Monday, 16 November 2009

A good weekend

If you have been paying attention, you will have noticed some subtle changes to the numbers in the 'Lists' section over on the right. Yes that's right, the 'Wanstead ever' and 'Wanstead 2009' lists have each moved up by one, and the 'BOU 2009' has increased by one as well. Well done if you noticed. You must be a sad, obsessive kind of person, perhaps a birder, and almost certainly a bloke. If you didn't notice, give yourself a pat on the back. You are a normal healthy individual.

So what, you ask, has been happening, for it must be greatly exciting and I for one cannot wait to find out?! Well, it has been exciting. Let's start with Saturday. Actually, let's start with Friday night, as there was an almighty storm that blew over one of my bamboos and dumped loads of rain while it was at it. Prime conditions for something unexpected to arrive in Wanstead, and with that thought I hastened to bed to be up early to find it.

The next morning was horrible, windy and wet. I elected to stay inside, eat bacon and drink tea. Casually checking my phone at around 11am, I was somewhat displeased to see a text from Stuart that had arrived at 9:20am whilst I had been fecklessly slumming around downstairs not even dressed. "Female goldeneye on heronry pond", it read. Why am I so bloody lazy? Why oh why oh why? Bugger. Stuart is hardy, tough and dedicated. I am soft and indolent. I wrapped up and headed out there, it had to be done. The bird was still present, totally indifferent to the weather. Tick and run. Then I drove home again. Yes, that's right, I drove to my local park. Pathetic.



The last one of these was in 1985. Mega!




Once home again, I berated myself at length for being so useless, and made some more tea. This must have had some impact, as on Sunday morning I managed to get out by 8:45, a mere hour and a half after first light. I did a full circuit of the Park, mainly for the purpose of taking photos for the Wanstead Park tour, but half in the hope of picking up something good. No chance, the best I got was a group of Fieldfare in the Old Sewage Work hedge. Still, it was a lovely morning, calm and with blue sky.
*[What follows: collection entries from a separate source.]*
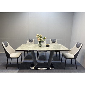Bộ bàn ăn mặt đá Ceramic bóng kết hợp 4 ghế 6 ghế Nelson
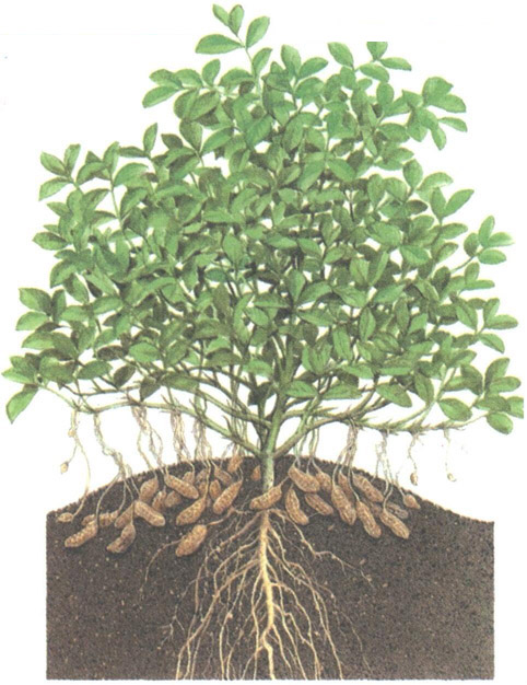 Земляной орех, или арахис, растет под землей. Ядрышки его покрыты красной кожицей и находятся в желтоватых морщинистых стручках.
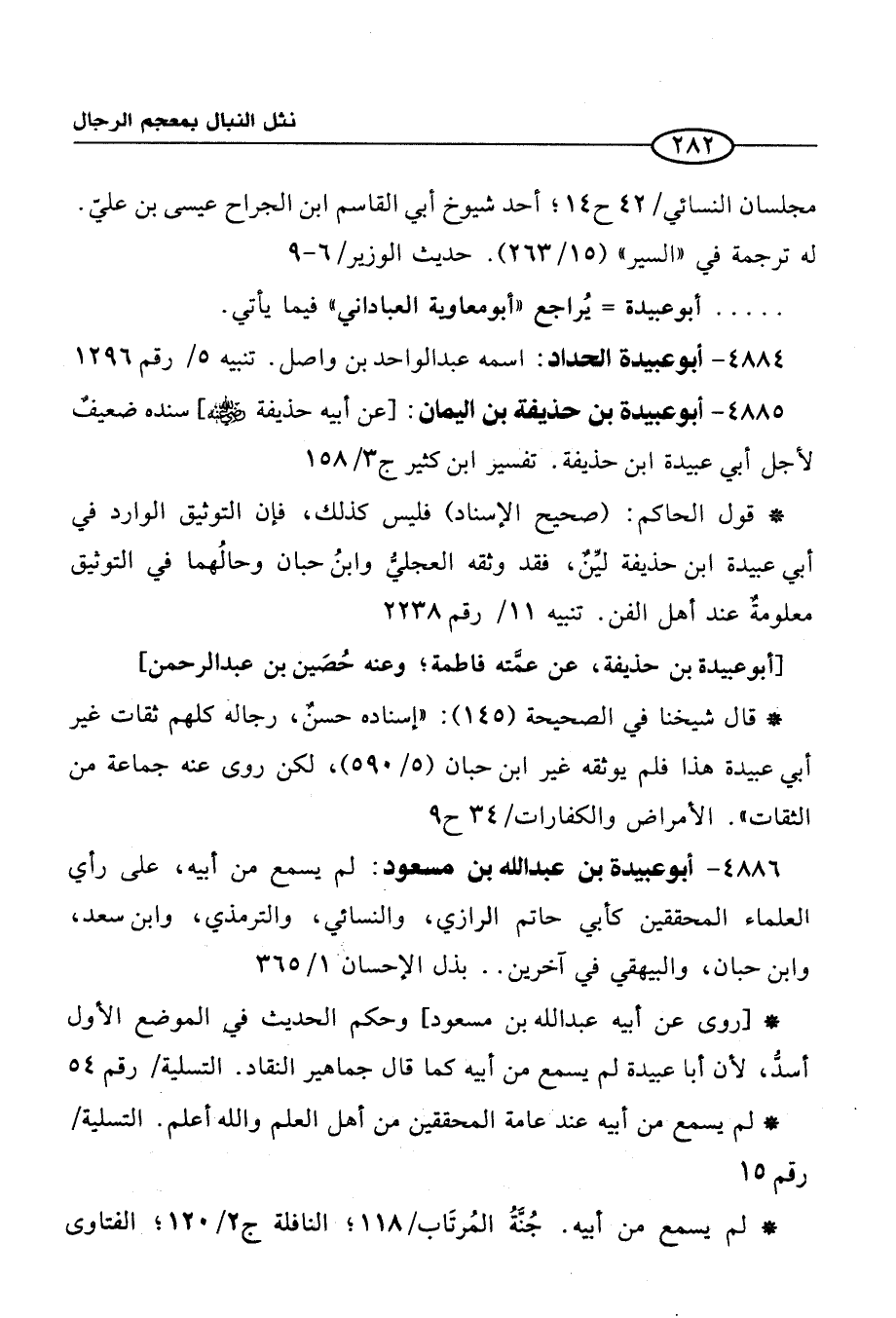 4886 - أبو عبيدة بن عبد الله بن مسعود: لم يسمع من أبيه، على رأي العلماء المحققين كأبي حاتم الرازي، والنسائي، والترمذي، وابن سعد، وابن حبان، والبيهقي في آخرين. . بذل الإحسان 1/ 365

I bumped into Stuart near Heronry, who had been unsucessfully looking for the Treecreeper in Reservoir Wood. I found that Treecreeper. Me! He told me that Paul was also in Reservoir wood, and so while he headed off for a mug of tea at the Tea Hut of Happiness, I headed over there to say hello, and also to look for the Firecrest that Stuart (yes, Stuart) had found last week. 200 yards from Reservoir Wood I got a text from Tim, in Reservoir Wood, to say that there was no sign of any Firecrests. 100 yards from Reservoir Wood, Tim called to say he was looking at a Firecrest! I quickened my pace, and soon found Tim and another birder I'd not met before called Nick looking at an empty holly bush. Despite a bit of searching none of us could relocate it, but the positive news is that it is still there and probably will be for some time. On an even more positive note, there were five birders in the Park on Sunday morning. This is amazing news. I think success breeds success, and encourages more people to get out there. Stuart has been at the forefront of the bird-finding this year, my input has been more modest (bar this blog devoted exclusively to Wanstead of course), and the goodies seem to be racking up at a rate of knots (not C canutus...). As you have seen in the recent "Map" posts, it is a vast area and deserving of much more coverage.
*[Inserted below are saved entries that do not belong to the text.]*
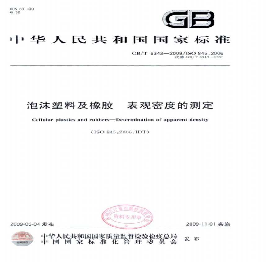 > GBT6343-2009 泡沫塑料及橡胶 表观密度的测定
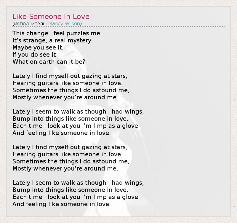 А как ты думаешь, о чем песня "Like Someone In Love" ?
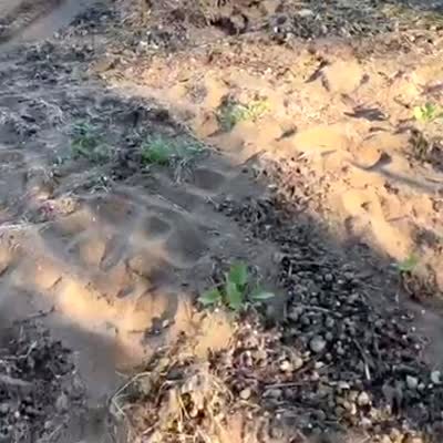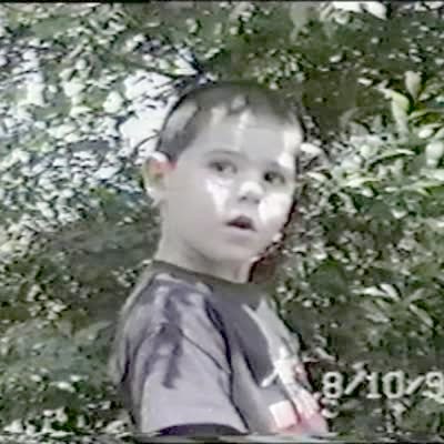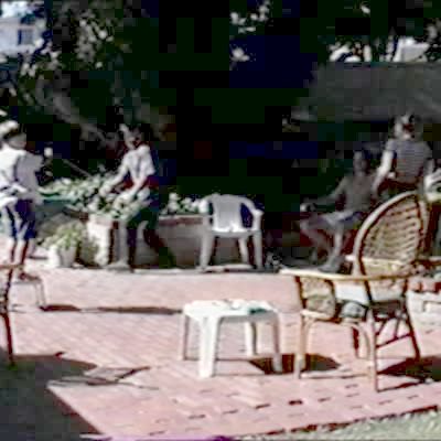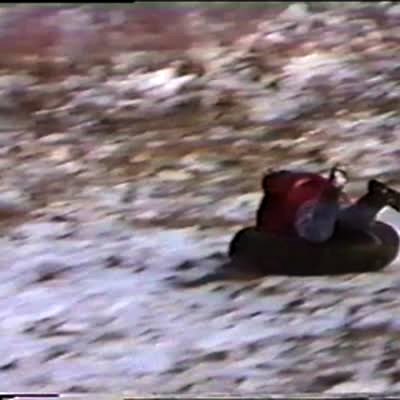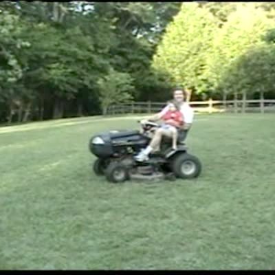 Man rides a tractor lawn mower in the backyard with a girl on his lap. They hit a tree when man is not paying attention & looking at the camera. Girl cries. Bonehead.

Just as it was going so well, my phone went. It was Bradders. I had been so into my patch that I hadn't checked the pager all morning. Spotted Sandpiper at Abberton, and he had precise directions from the finder! Tim's ears pricked up. And then there was one....
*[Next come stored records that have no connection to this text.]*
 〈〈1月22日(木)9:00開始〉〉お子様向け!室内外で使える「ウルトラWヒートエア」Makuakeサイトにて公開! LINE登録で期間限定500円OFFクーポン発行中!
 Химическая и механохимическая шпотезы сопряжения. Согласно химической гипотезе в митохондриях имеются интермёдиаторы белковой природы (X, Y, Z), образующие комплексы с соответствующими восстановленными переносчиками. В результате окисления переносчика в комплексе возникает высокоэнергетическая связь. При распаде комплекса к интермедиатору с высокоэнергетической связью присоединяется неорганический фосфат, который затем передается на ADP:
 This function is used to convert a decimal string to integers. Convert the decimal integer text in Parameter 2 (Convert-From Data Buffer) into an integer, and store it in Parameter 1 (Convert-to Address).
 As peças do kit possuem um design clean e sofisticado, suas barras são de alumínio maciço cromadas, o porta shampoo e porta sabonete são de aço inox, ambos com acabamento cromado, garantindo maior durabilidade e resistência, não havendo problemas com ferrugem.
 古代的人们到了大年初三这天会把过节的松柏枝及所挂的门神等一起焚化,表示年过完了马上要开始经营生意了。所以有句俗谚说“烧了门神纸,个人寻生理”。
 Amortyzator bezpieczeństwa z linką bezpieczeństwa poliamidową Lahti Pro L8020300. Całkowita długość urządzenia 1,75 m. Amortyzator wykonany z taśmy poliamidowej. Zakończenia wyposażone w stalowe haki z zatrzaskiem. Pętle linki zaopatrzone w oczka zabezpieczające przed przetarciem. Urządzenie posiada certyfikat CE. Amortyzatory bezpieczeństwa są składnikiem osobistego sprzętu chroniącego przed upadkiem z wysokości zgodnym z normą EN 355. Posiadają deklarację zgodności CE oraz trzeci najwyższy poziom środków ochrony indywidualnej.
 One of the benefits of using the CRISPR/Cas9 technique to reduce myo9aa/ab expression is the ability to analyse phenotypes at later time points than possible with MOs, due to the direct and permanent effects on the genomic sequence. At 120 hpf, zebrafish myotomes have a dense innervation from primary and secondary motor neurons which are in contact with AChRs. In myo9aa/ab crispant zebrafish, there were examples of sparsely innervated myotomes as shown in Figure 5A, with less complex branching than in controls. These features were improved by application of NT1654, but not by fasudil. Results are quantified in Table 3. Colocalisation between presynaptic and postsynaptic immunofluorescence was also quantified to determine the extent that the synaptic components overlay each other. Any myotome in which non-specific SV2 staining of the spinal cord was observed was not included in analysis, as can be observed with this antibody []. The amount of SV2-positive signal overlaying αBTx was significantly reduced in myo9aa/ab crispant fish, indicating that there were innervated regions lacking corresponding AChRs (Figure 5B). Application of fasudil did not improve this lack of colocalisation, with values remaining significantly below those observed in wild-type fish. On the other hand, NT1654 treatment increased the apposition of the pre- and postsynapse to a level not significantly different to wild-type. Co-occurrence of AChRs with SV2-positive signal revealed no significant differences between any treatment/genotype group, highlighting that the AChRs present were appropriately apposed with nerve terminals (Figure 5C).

Yes, Tim and I shamefully abandoned the Firecrest, Nick, and the patch, and hurried off to fetch scopes, a car, and an OS map of Essex. Turns out Tim is something of a twitcher, and a year-lister to boot! He had kept it very quiet, but the secret is out - at least 14 people may now know! An hour and a small amount of EWT-approved fence-hopping later and we connected with ease. A very smart bird, # 313 for the year, only the second I have seen, and an Essex tick for good measure (#218 if you're counting, which I am).

Dear Shaunboy, this is the one I saw last year. Yesterday's one was too flighty to get a photo of, but I didn't want you to miss out.